Data section:
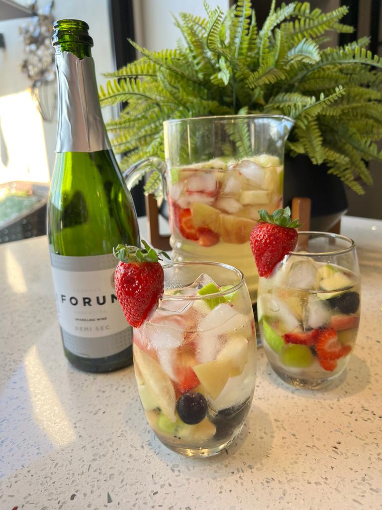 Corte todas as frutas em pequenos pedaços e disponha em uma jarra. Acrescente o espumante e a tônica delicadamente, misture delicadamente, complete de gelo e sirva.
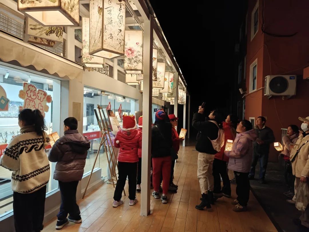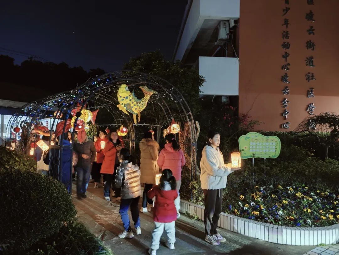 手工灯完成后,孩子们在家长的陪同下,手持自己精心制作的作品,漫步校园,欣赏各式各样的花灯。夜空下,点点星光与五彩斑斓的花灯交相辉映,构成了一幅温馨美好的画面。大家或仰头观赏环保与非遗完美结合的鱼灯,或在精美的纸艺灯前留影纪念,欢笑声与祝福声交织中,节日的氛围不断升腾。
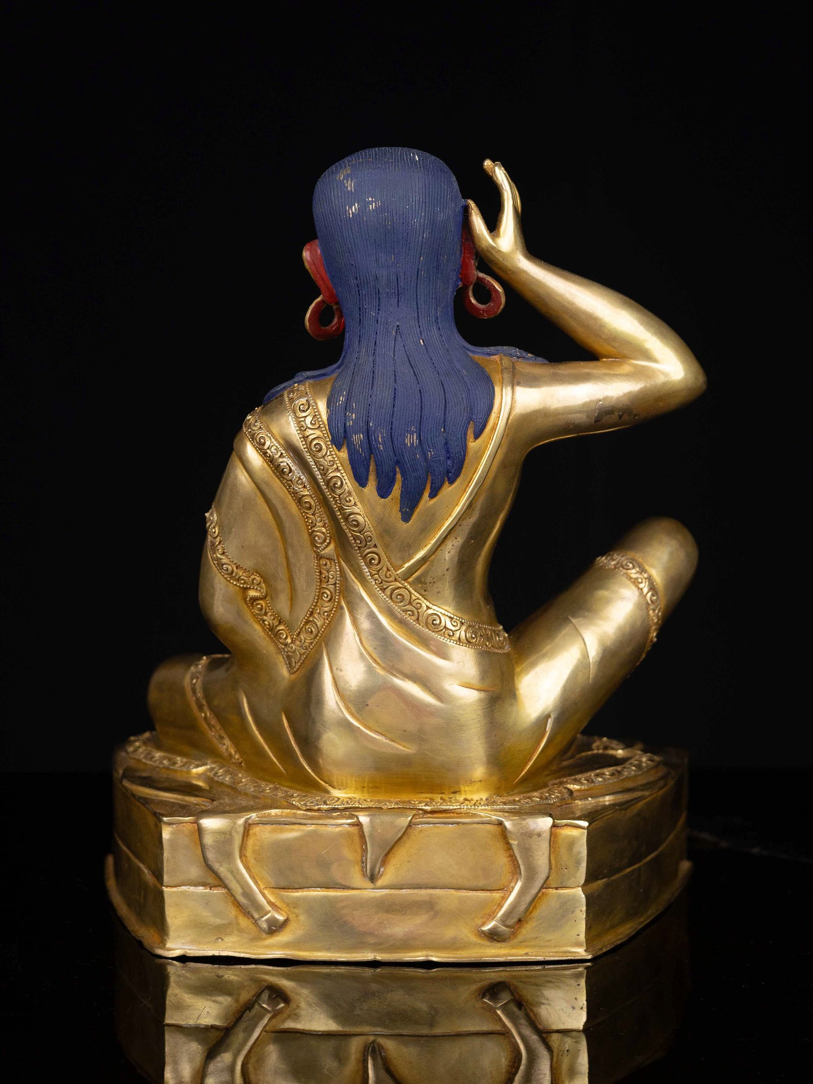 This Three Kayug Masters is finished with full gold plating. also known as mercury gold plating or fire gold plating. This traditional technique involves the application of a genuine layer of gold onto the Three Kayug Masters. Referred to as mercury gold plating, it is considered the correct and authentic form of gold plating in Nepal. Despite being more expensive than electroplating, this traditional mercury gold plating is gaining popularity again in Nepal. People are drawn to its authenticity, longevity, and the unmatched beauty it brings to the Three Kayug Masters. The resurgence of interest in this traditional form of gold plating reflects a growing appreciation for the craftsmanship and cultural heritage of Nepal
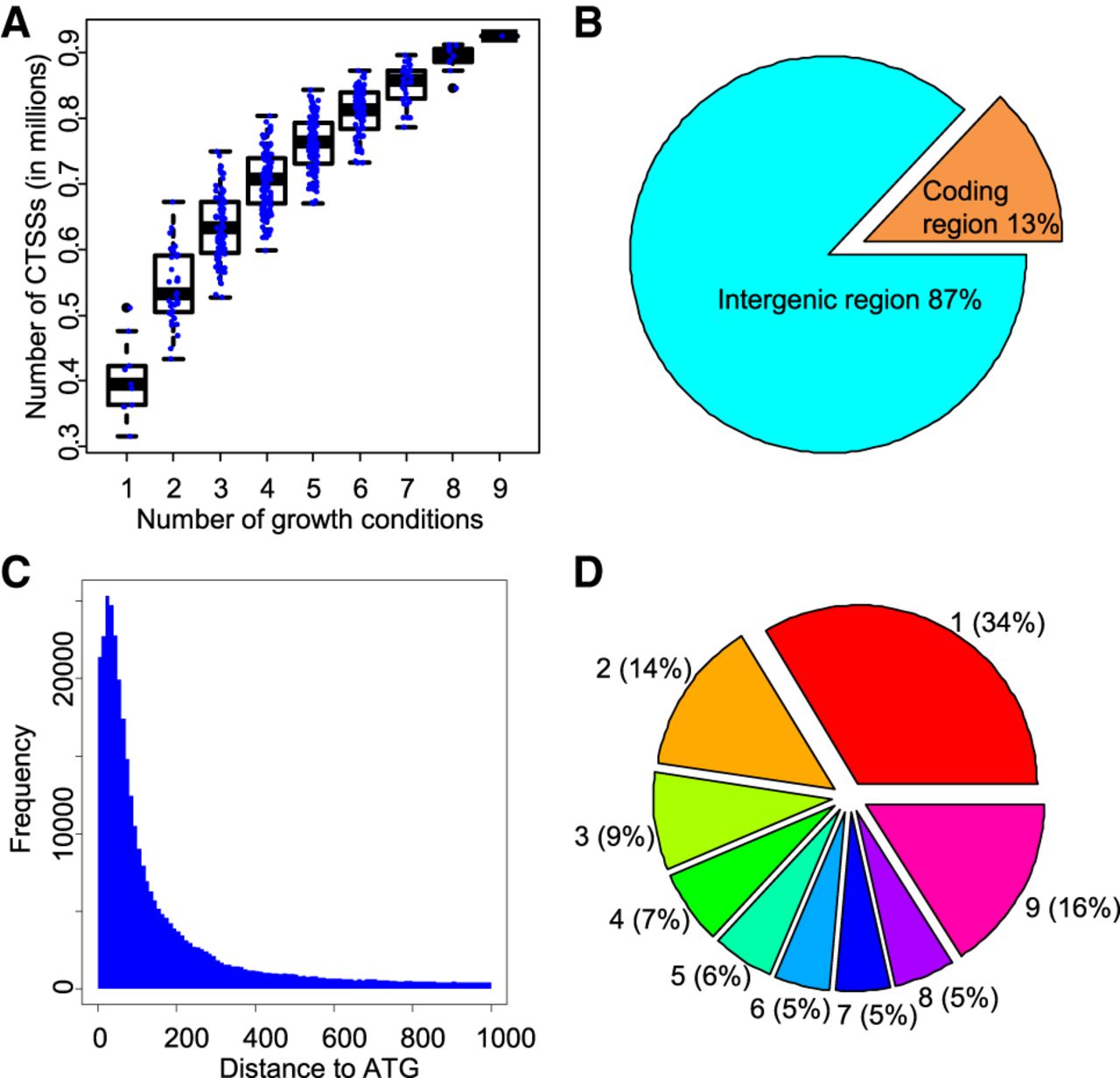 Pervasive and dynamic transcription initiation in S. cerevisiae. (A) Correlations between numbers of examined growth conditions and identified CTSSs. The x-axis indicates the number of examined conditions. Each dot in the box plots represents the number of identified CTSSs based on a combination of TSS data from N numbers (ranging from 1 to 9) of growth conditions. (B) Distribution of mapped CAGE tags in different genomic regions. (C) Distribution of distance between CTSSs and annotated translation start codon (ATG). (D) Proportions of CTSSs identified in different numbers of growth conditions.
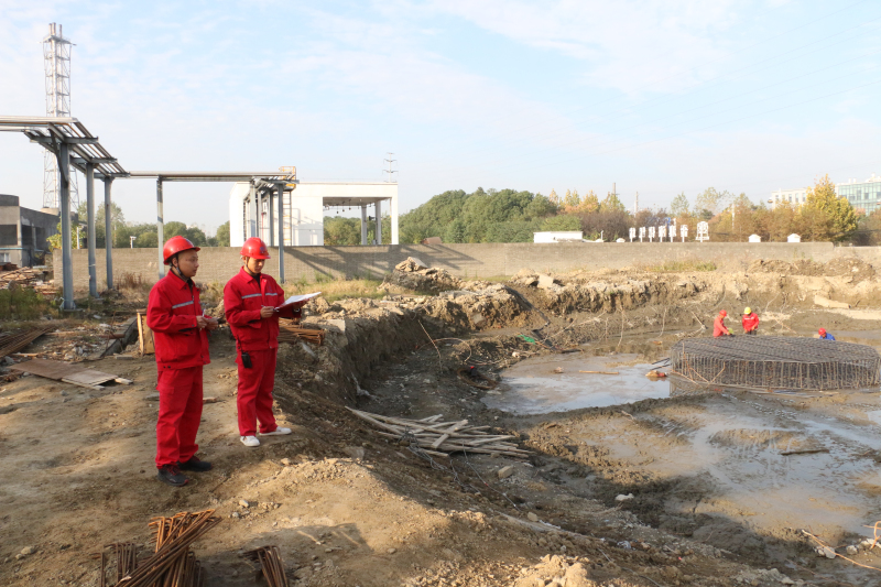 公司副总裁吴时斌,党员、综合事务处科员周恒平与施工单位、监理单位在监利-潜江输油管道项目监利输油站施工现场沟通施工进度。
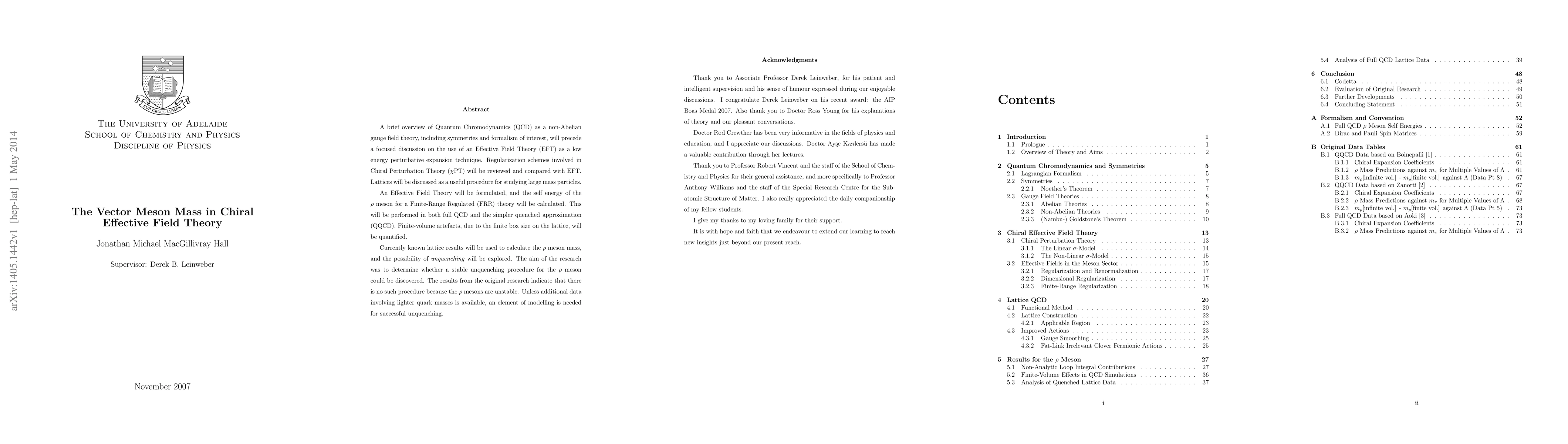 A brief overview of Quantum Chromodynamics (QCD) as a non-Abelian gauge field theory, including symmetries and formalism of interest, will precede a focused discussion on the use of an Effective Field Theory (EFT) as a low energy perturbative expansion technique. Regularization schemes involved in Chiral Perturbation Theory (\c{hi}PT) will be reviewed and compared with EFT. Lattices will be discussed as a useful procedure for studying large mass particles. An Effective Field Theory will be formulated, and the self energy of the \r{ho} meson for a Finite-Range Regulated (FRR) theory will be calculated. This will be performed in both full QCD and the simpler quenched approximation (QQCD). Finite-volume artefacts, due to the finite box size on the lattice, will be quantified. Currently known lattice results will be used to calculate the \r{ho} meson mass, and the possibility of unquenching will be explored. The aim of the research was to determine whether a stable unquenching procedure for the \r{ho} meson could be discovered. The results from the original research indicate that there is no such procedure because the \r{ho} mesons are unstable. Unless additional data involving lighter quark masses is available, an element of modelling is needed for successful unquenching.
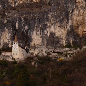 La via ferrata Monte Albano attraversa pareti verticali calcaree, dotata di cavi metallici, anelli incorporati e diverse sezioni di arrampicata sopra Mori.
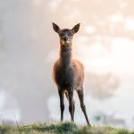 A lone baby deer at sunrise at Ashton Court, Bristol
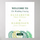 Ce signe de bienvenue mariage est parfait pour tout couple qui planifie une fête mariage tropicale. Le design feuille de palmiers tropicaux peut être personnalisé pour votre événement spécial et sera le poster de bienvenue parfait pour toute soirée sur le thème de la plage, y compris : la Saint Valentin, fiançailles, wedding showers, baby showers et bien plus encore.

What you have to do: Working from the line containing "A lone baby" to the last line of the data, retype every line exactly, both ends included, and leave out all pictures.

Response to this exercise:
 A lone baby deer at sunrise at Ashton Court, Bristol
 Ce signe de bienvenue mariage est parfait pour tout couple qui planifie une fête mariage tropicale. Le design feuille de palmiers tropicaux peut être personnalisé pour votre événement spécial et sera le poster de bienvenue parfait pour toute soirée sur le thème de la plage, y compris : la Saint Valentin, fiançailles, wedding showers, baby showers et bien plus encore.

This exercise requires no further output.